Fungal contamination of bedding was first studied seventy years ago, but there have been no reports in the last seventy years. In this new study, researchers sampled ten pillows with between 1.5 and 20 years of regular use. Each pillow was found to contain a substantial fungal load, with four to 16 different species being identified per sample and even higher numbers found in synthetic pillows. One of the most worrying things was that the microscopic fungus Aspergillus fumigatus was particularly common in synthetic pillows. And fungi as diverse as bread and vine moulds and those usually found on damp walls and in showers were also found in the pillows. Aspergillus is a very common fungus, carried in the air as well as being found in cellars, household plant pots, compost, computers and ground pepper and spices. I have treated many people with invasive Aspergillosis, a sometimes nasty illness that occurs mainly in the lungs and sinuses, although it can spread to other organs including the brain. It can be very difficult to treat, and as many as 1 in 25 patients who die in modern European teaching hospitals have the disease. In France and Germany, this is one of the occasions when unorthodox medicine is often used at the same time as high doses of antibiotics: proper integrated medicine.

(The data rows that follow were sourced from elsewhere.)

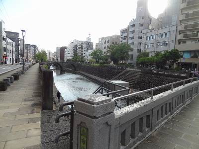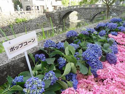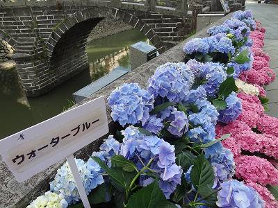 去年までは中島川の両岸いっぱいに鉢を並べてたけど、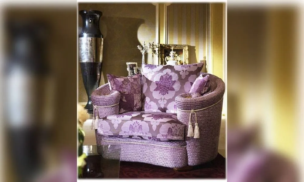 Кресло с закругленной спинкой плавно переходящей в подлокотники. Золоченые ножки. Наполнение - полиуретан. Декор ручной работы. Возможны другие цветовые варианты обивки.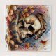 The fall leaves, slithering reptile, and skull are all in a warm and neutral colour scheme of orange, red, brown, dark yellow, and beige.

Aspergillosis is a particular problem in people with compromised immune systems. Hospital pillows have plastic covers and so are unlikely to cause problems, but patients being discharged home – where pillows may be old and fungus-infected – could be at risk of infection. Aspergillus can also worsen asthma, particularly in adults who have had asthma for many years, and it can cause allergic sinusitis in patients with allergic tendencies. Constant exposure to fungus in bed could be problematic.

The moral of this story is be extra aware that pillows may harbor fungi that can cause or exacerbate allergies and more serious problems in people with other illnesses. If you have allergies, it is best to use foam rather than feather pillows. If you have synthetic pillows, wash them regularly in warm water and with a non-allergenic detergent. Dip the pillow one small section at a time in the solution and squeeze through the pillow. Once the pillow is clean, rinse it out at least three times to remove all of the soap and residue. Then lie the pillow out flat to dry, and turn it frequently. To fluff the pillow, take a couple of tennis balls and put them in the dryer with the pillow and air dry for about 30 minutes.